■ Task prompt ■
Copy exactly, from the beginning of the material below, every line up to and including the one holding "Shelbi Выдвижной настольный", with the pictures left out.

----------------

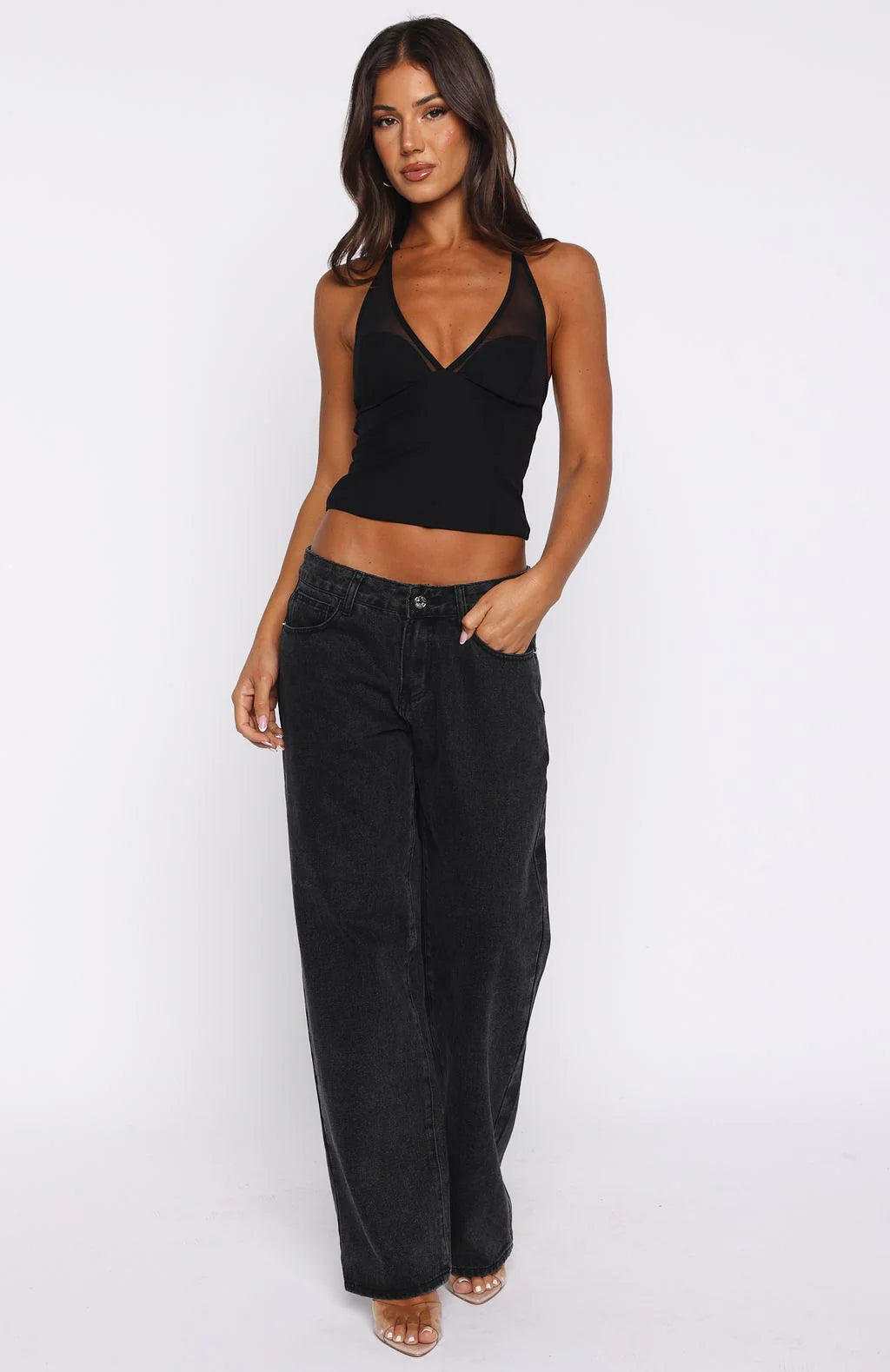 Meet From The Skies Halter Top in Black, the night out top you’ll be reaching for on repeat! It features slender spaghetti halter straps and a daring plunge neckline layered with sheer mesh and strategically placed coverage over the bust. A figure-hugging, fully lined bodice are finished with a sleek back zipper and hook-and-eye closure for effortless wear. Pair with your fav denim jeans, kitten heels, layered gold jewellery and shoulder bag for an understated by sexy fit!
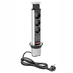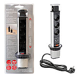 Shelbi Выдвижной настольный розеточный блок на 3 розетки 200B, 2 USB розетки, серебро (STV-3S-2U-S)
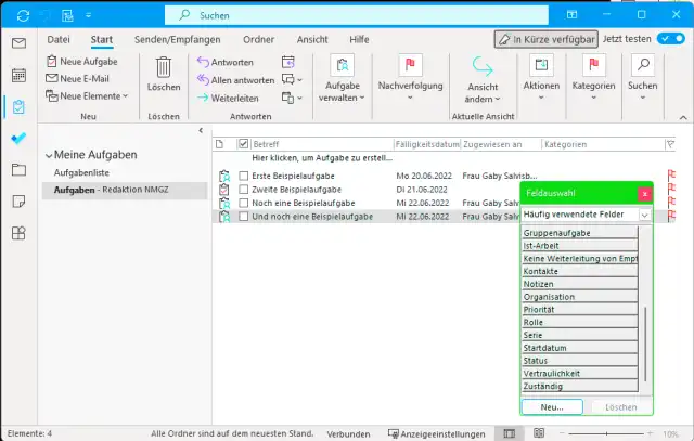 Ich trage zum Beispiel alle «Deadlines» meiner PCtipp-Heftartikel und einiger Onlineartikel in Outlook als Aufgaben ein. Damit sehe ich, wann ich sie abzuliefern habe, und kann meine Arbeitswoche planen.Aufgaben erstellen
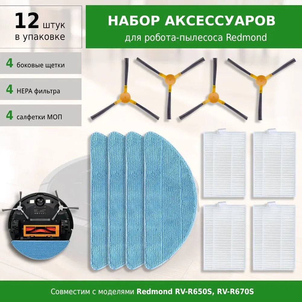 Комплект фильтров, щеток и сменных салфеток для робота-пылесоса Redmond RV-R650S, RV-R670S интересное:
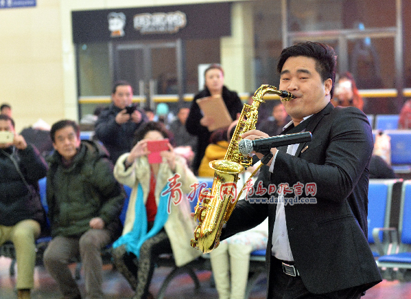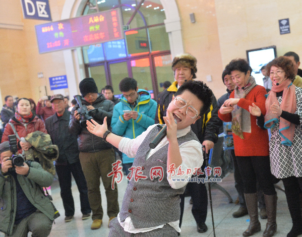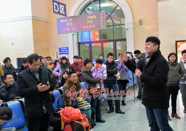 ??? 由市南區(qū)文化新聞出版局、青島火車站、青島市群眾藝術(shù)館聯(lián)合主辦,市南區(qū)文化館、青島市朗誦藝術(shù)家協(xié)會(huì)承辦的“文化進(jìn)車站春運(yùn)歡樂(lè)行”公益微演活動(dòng),春運(yùn)第一天2月4日上午9:30分走進(jìn)青島火車站,市南區(qū)優(yōu)秀藝術(shù)人才為島城市民、返鄉(xiāng)旅客呈現(xiàn)經(jīng)典文藝節(jié)目,以“不期而遇”的形式,送上新春的祝福。周光輝攝
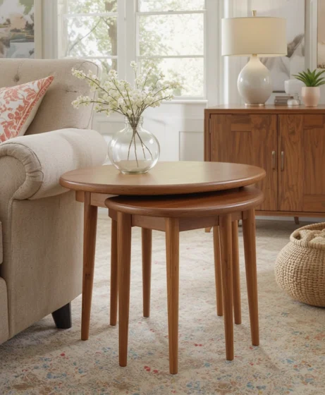 Nesting tables offer flexibility and space efficiency. Their simple wooden forms allow them to blend seamlessly into different rooms.
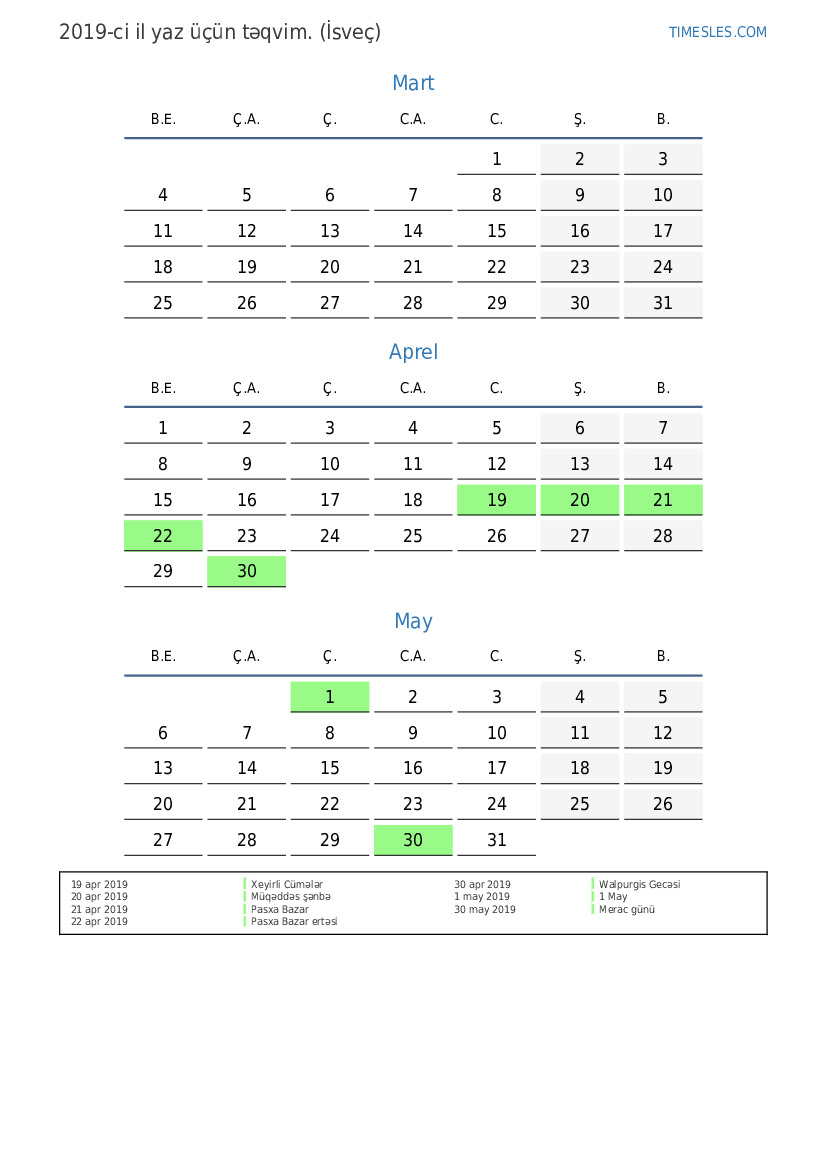 İsveç üçün 2019-ci il yaz üçün təqvim
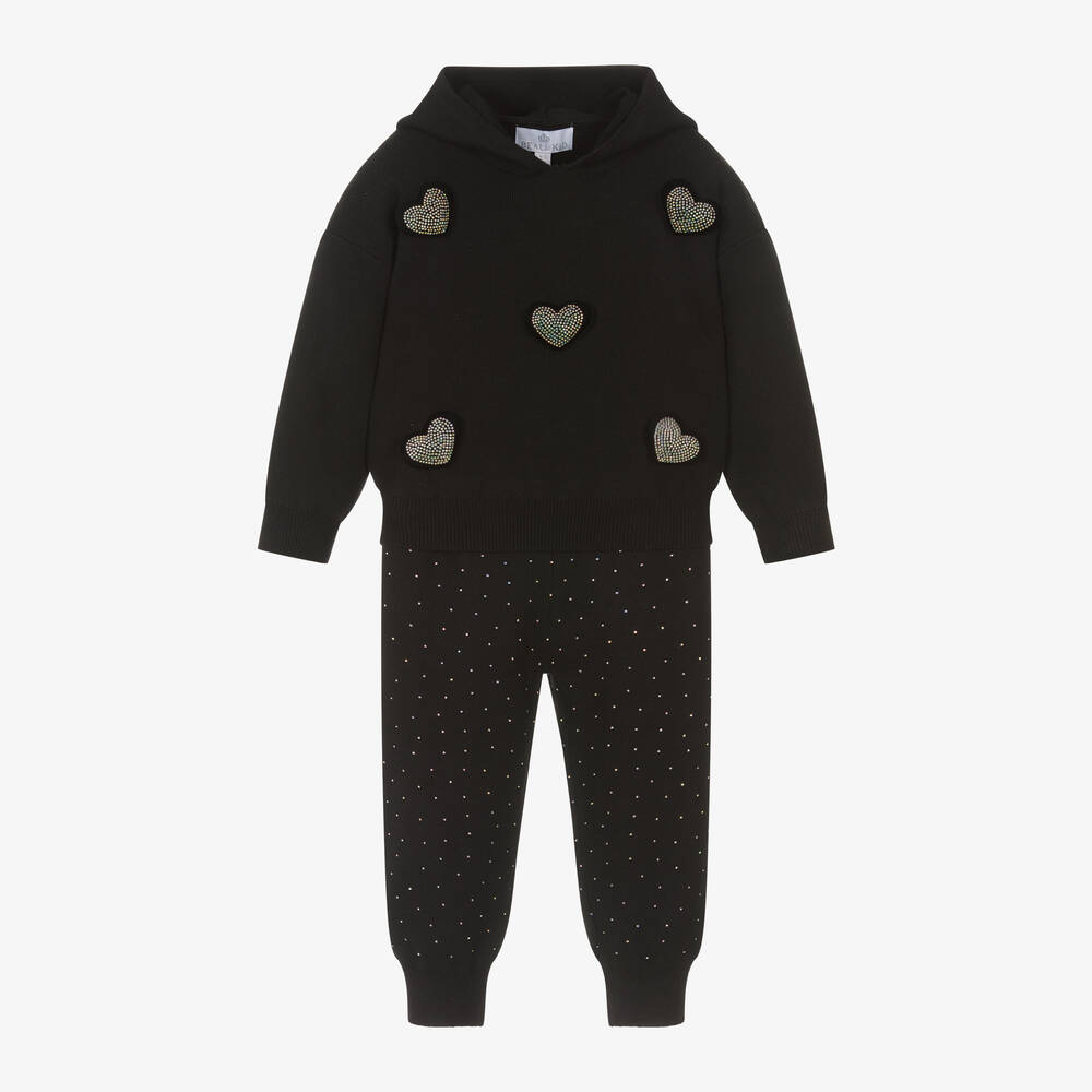 A lovely black hooded tracksuit for girls by British brand Beau KiD. Cosy and comfortable, it is knitted in a soft viscose blend with ribbed trims. The top is appliquéd with fun 3D hearts on the front, sparkling with iridescent diamanté. The trousers have an elasticated waist and, completing the look, they are embellished with sparkling diamanté on the front.
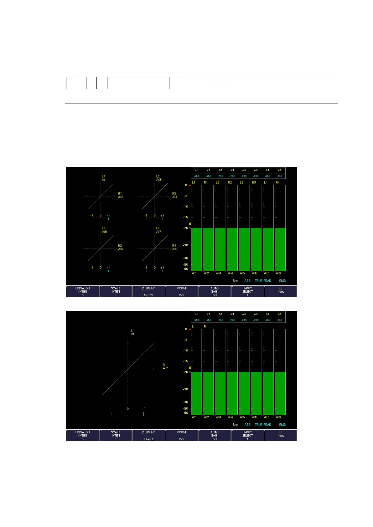 AUDIO → F•3 LISSAJOU SETUP → F•3 DISPLAY: MULTI / SINGLE
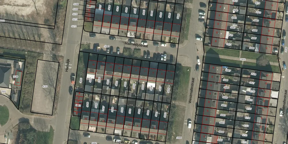 Malmedystraat 7 is gelegen op kadastraal perceel BDA00G5655. Deze kadastrale aanduiding is uniek en wordt gebruikt door het Kadaster om eigendomsrechten en andere zakelijke rechten vast te leggen. Het perceel maakt onderdeel uit van de kadastrale gemeente Breda.
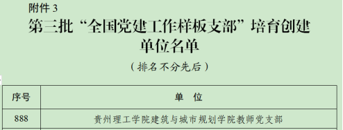 建筑与城市规划学院教师党支部入选“全国党建工作样板支部”培育创建单位。
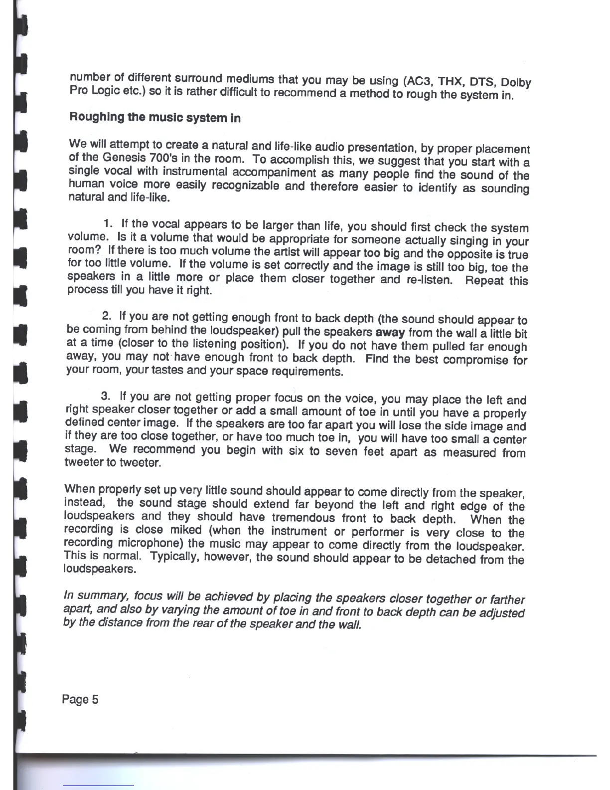 Genesys 700 - Fine Tuning the Soundstage; Roughing the music system in
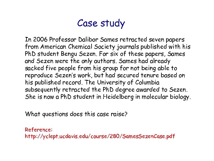 Case study In 2006 Professor Dalibor Sames retracted seven papers from American Chemical Society journals published with his Ph. D student Bengu Sezen. For six of these papers, Sames and Sezen were the only authors. Sames had already sacked five people from his group for not being able to reproduce Sezen’s work, but had secured tenure based on his published record. The University of Columbia subsequently retracted the Ph. D degree awarded to Sezen. She is now a Ph. D student in Heidelberg in molecular biology. What questions does this case raise? Reference: http: //yclept. ucdavis. edu/course/280/Sames. Sezen. Case. pdf
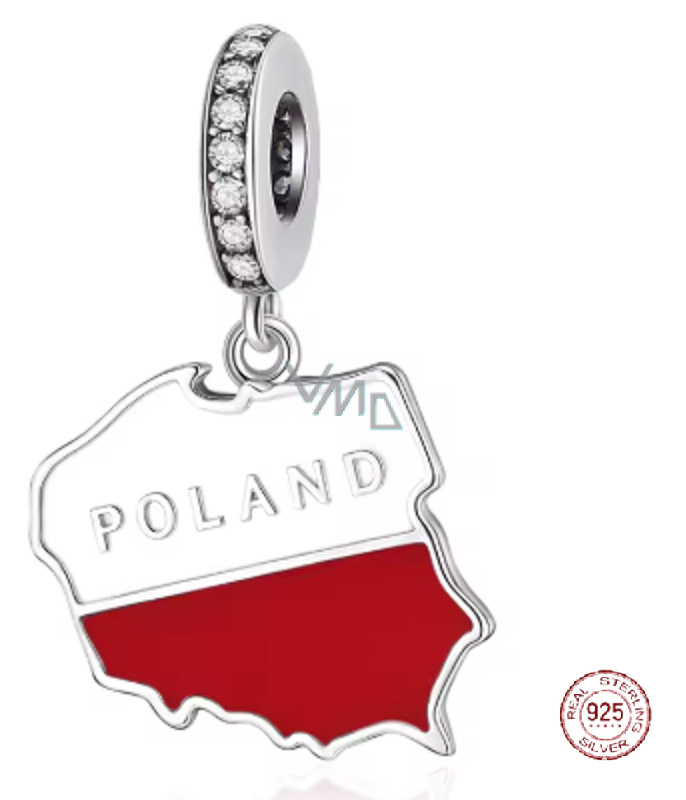 Charm Sterlingové stříbro 925 Polsko vlajka - houpající se mapa, přívěsek na náramek cestování

----------------

■ Finished exercise ■
 Meet From The Skies Halter Top in Black, the night out top you’ll be reaching for on repeat! It features slender spaghetti halter straps and a daring plunge neckline layered with sheer mesh and strategically placed coverage over the bust. A figure-hugging, fully lined bodice are finished with a sleek back zipper and hook-and-eye closure for effortless wear. Pair with your fav denim jeans, kitten heels, layered gold jewellery and shoulder bag for an understated by sexy fit!
 Shelbi Выдвижной настольный розеточный блок на 3 розетки 200B, 2 USB розетки, серебро (STV-3S-2U-S)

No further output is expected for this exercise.